Harry’s Razors advertise themselves as a premium razor for someone wanting to save a few cents.  It’s not an unreasonable hope that a quality razor can be made without charging upwards of $20 for replacement razors.  Seriously, Gillette, you’re fucking ridiculous with your pricing.  But can the advertising really be believed?

The main competitor for Harry’s seems to be Dollar Shave Club, which to my understanding is only available through a mail order service.  Harry’s, on the other hand, can easily be found at Target, which made my decision on which product to try a lot easier.  After all, what happens if I need a new razor and my monthly allotment hasn’t arrived in the post?  Not to mention that Harry’s is only a fraction more expensive than Dollar Shave Club to begin with.  So on that end, Harry’s wins.

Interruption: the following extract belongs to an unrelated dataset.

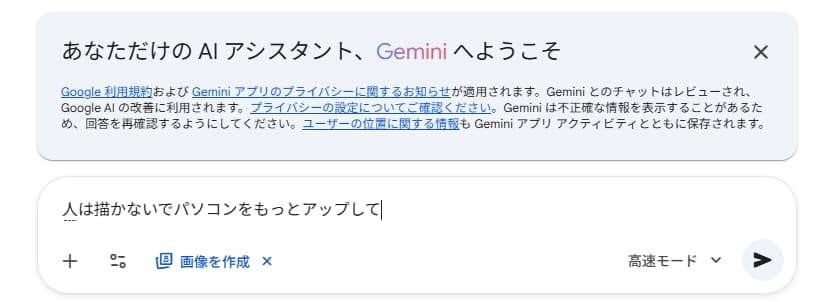 「人は描かないでパソコンをもっとアップして」と入力する。

Price is a major selling point with these razors.  If I were to purchase replacement cartridges for my Gillette Fusion, I would be paying roughly $18 after tax.  Harry’s, on the other hand, charges about $8 for their cartridges.  Definitely see the appeal here.

But how does it shave?  Well, much like with Shave Secret, I decided to use it on some sensitive naughty bits to see, though I will clarify that I did not use Shave Secret for this product test but, instead, Gillette shave gel that I typically use, as to properly compare between my old razor and Harry’s.  Although there were a few minor cuts (as would be the case with any new razor), I found the shave to be above average for a razor in its price range.  It really was like taking a weed whacker to my pubes and took virtually no time at all.  I was truly impressed.

As far as shaving my face is concerned, I was impressed with the precision razor on the top of the cartridge, much like my Gillette Fusion had.  Since I have a chin strap that runs down my face, it’s very convenient to have that feature for meticulous grooming.

However, not everything with this razor is worthy of positive praise.  One noticeable difference with these blade cartridges is that the casing around the blades is made of plastic.  Not at all something that would be surprising for a cheaper blade, but this is supposed to rival Gillette and Schick, not the disposable Noxema razors.  As a result, if you’re clumsy enough to drop your razor on the right spot, the entire razor separates and is essentially ruined.  I’ve never seen that with any razor, and I wish I had taken  a picture.

The razors themselves don’t seem to last too long, either.  After a few normal shaves with the non-pube cartridge, I noticed that more effort was needed for a proper shave than before.  After about ten shaves, there was very little point in even using it.  By comparison, my Gillette razors would last significantly longer than that depending on how they were used.  With this in mind, if you’re getting only half the usage at half the price, why would it be worth it to use Harry’s?

Finally, as much as I bragged about the precision razor previously, I need to explain that the version on Gillette razors is much better than Harry’s.  Although Harry’s version did cut the hair, it cut my skin up, as well.  Perhaps some of that is to be expected, but not to the degree I experienced it with Harry’s.  Luckily, they were never very deep cuts and were pretty quick to heal, but still.

In short, Harry’s razors provide a somewhat cost efficient option for those not looking to get raped in the ass by the major razor companies.  However, the money one saves on these razors really turns out not to be worth it.  Perhaps Dollar Shave Club is a better option, but without having tried them, I cannot say for sure.  Still, it’s not the worst shave I’ve ever had.